The four runners up are equally impressive and each will receive £2,500.

They are:

  1. Albaydha Project and Albaydha Development Co., Saudi Arabia. This project is an example of agroforestry that can survive on less than 2 inches of rain a year, while restoring shallow aquifers, sequestering carbon, increasing biodiversity, and honoring the pastoral heritage of the local people.
  2. Guba, Swaziland: By offering local people skills to create productive homesteads and learn methods and technologies to be self-sufficient and entrepreneurial, Guba are creating resilient communities for now and the future.
  3. Bentley Urban Farm, UK, a place of refuge, learning and fresh, organic produce in a food desert where there are ample take-aways on every street but not one independent greengrocer. Bentley teaches people how to grow, cook and eat fresh local food and builds community in a fractured society with high unemployment.
  4. Permaculture Provision Project, USA. Working with the local Navaho Nation, this project is creating fresh food in the Colorado Desert and reviving indigenous food growing techniques and traditions. It is showcasing the need for permaculture across the US.
Albaydha Terraces
Bentley Urban Farm Scouts

Abundant Earth Youth Prize

The winner of the Abundant Earth Youth Prize is Millicent Anyango, who uses permaculture methods to feed orphans, school children, and the homeless.  Millicent grew up an orphan in Kenya. She now works at her orphanage teaching the children about fresh, nutritious food. The surplus food goes to the homeless project Millicent also works with.
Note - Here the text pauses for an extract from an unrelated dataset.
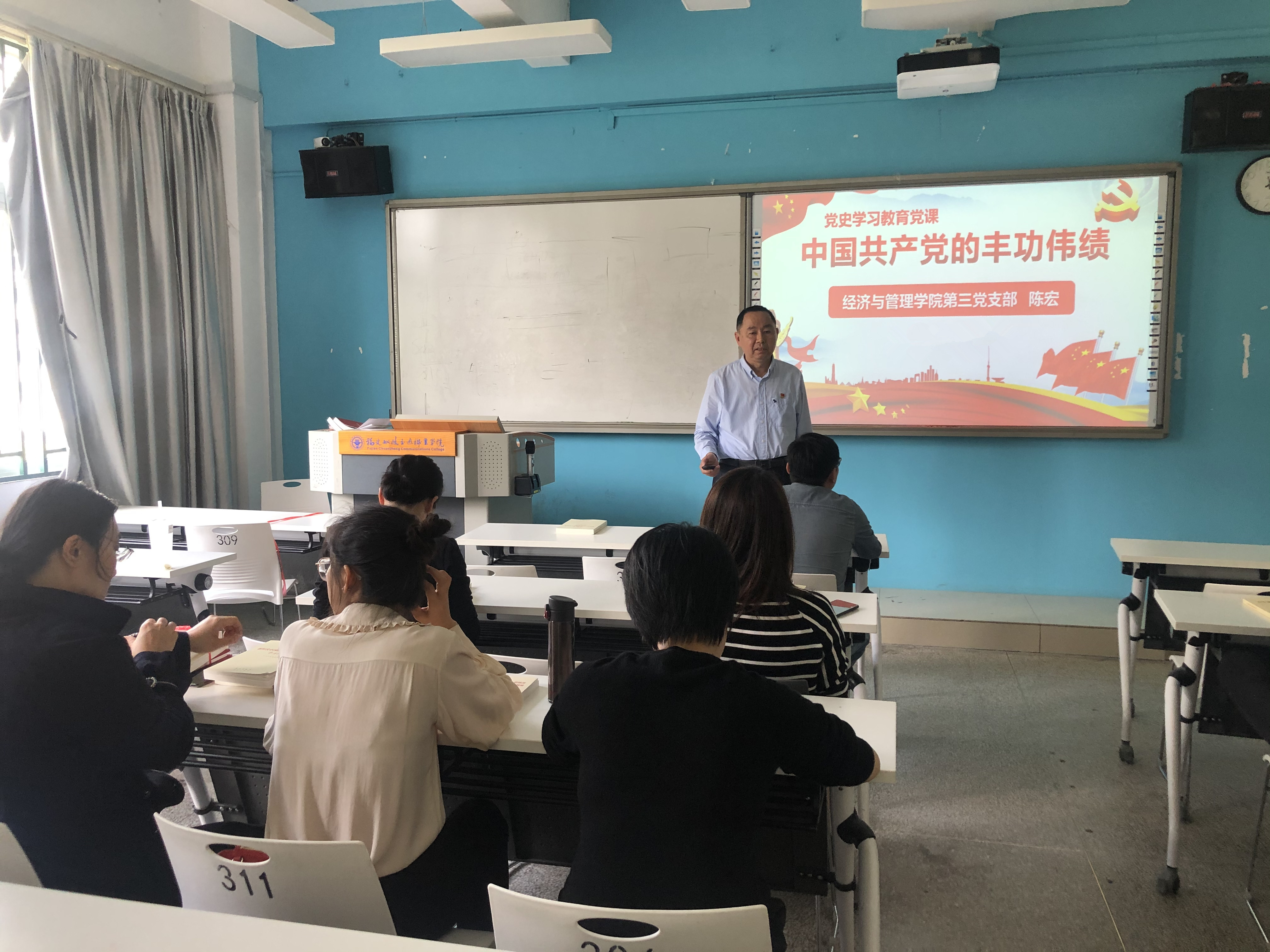 習(xí)近平總書記指出,歷史是最好的教科書,中國革命歷史是最好的營養(yǎng)劑。學(xué)習(xí)黨史、國史,是堅(jiān)持和發(fā)展中國特色社會(huì)主義,把黨和國家各項(xiàng)事業(yè)繼續(xù)向前推進(jìn)的必修課。為從黨的百年偉大奮斗歷程中汲取繼續(xù)前進(jìn)的智慧和力量,激勵(lì)老師進(jìn)一步強(qiáng)化黨性修養(yǎng),增強(qiáng)做好教育教學(xué)工作的使命擔(dān)當(dāng),經(jīng)濟(jì)與管理學(xué)院第三黨支部結(jié)合黨史學(xué)習(xí)教育開展支部書記上黨課、講黨史活動(dòng)。

Her commitment to the next generation at such a young age is extraordinary.

Runners up are:

  • Tierra Nueva. After being devastated by hurricane Maria, John Lago Gonzalez turned his family farm in Puerto Rico into a showcase for permaculture techniques. A tree and herb nursery, and waste collection system are already benefitting the community.
  • Felipe Vasconez grows fresh, organic vegetables high in the Ecuadorian mountains. He aims to create a shared space in Ecuador’s capital, where organic and permaculture producers from across the country, can sell their produce whilst educating the nation.